Before that, however, he needed to enroll in and complete his post-high school education. Sahara graduated with a bachelor of science in electrical engineering from the Illinois Institute of Technology. His career in the defense industry took him first to New York, where he worked for Sperry Gyroscope Co. He told Densho: “I think I worked at Sperry Gyroscope for about a year and a half, and meanwhile I was going to night school at nighttime, and it was sort of getting hectic. But I thought I should go full time. So that’s when I decided to quit work and come back to Chicago and go to Northwestern.”
Sahara subsequently earned his Ph.D. from Northwestern University and later worked for General Dynamics’ missile systems. Because of industry consolidation, Hughes bought General Dynamics, after which Tucson, Ariz.-based Raytheon became the owner — where he and his wife, Jane, lived from 1994-98, before he retired and moved to Southern California.
Mitch Matsumura, president of the Greater Los Angeles JACL and member of the Pacific Citizen’s board, said, “Kanji will always be remembered by the countless organizations he tirelessly supported.”
Hayata said, “It is with honor and respect that the World War II Camp Wall nonprofit board carries on the dream of Kanji Sahara. We feel the loss of his presence and leadership. … He leaves the world a better place in his efforts to teach about this incident in history, and that it must never happen again.”
“On behalf of the residents of the city of Torrance, we are saddened to hear of Dr. Sahara’s passing,” said Torrance City Councilmember Jon Kaji. “We are committed to ensuring that his vision for the World War II Camp Wall becomes a reminder that the civil rights of all people must be protected.”
Tuna Canyon Detention Station Coalition President Oda said, “Kanji’s bright light will shine forever.” In a statement, the TCDSC said it is “deeply saddened by the passing of Kanji Sahara, former vice-president, community activist and visionary extraordinaire. A key figure in keeping the history of World War II’s incarceration alive, it was his passion to expand the mission of the TCDSC to highlight the detention of persons of Japanese, German and Italian decent and to prevent injustice of any kind. This passion has been indelibly stamped upon all who knew him.”
“Kanji worked tirelessly to ensure that the incarceration story is never forgotten and serves as a warning of what happens when its lessons are ignored.

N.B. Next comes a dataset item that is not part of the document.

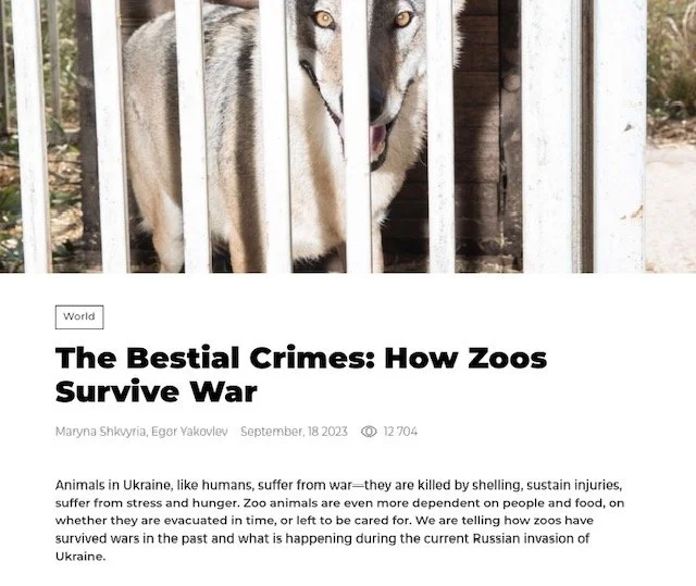 Another point is zoos in war zones. Many caged animals starve or are left wandering the streets, their carers having fled the bombs of destruction.

A deeply loved and revered member of the JANM family, his knowledge and dedication to connecting this history to the present and shaping the future will be profoundly missed,” said JANM President and CEO Ann Burroughs.
Kanji was predeceased by his wife, Jane, and is survived by their children, Richard (Lydia) Sahara and Judy (Ben) Tang, five grandchildren, sister, Toshiko Sahara, and other relatives.
At press time, a memorial service for Sahara had been planned for Saturday, March 8, at Faith United Methodist Church in Torrance, Calif.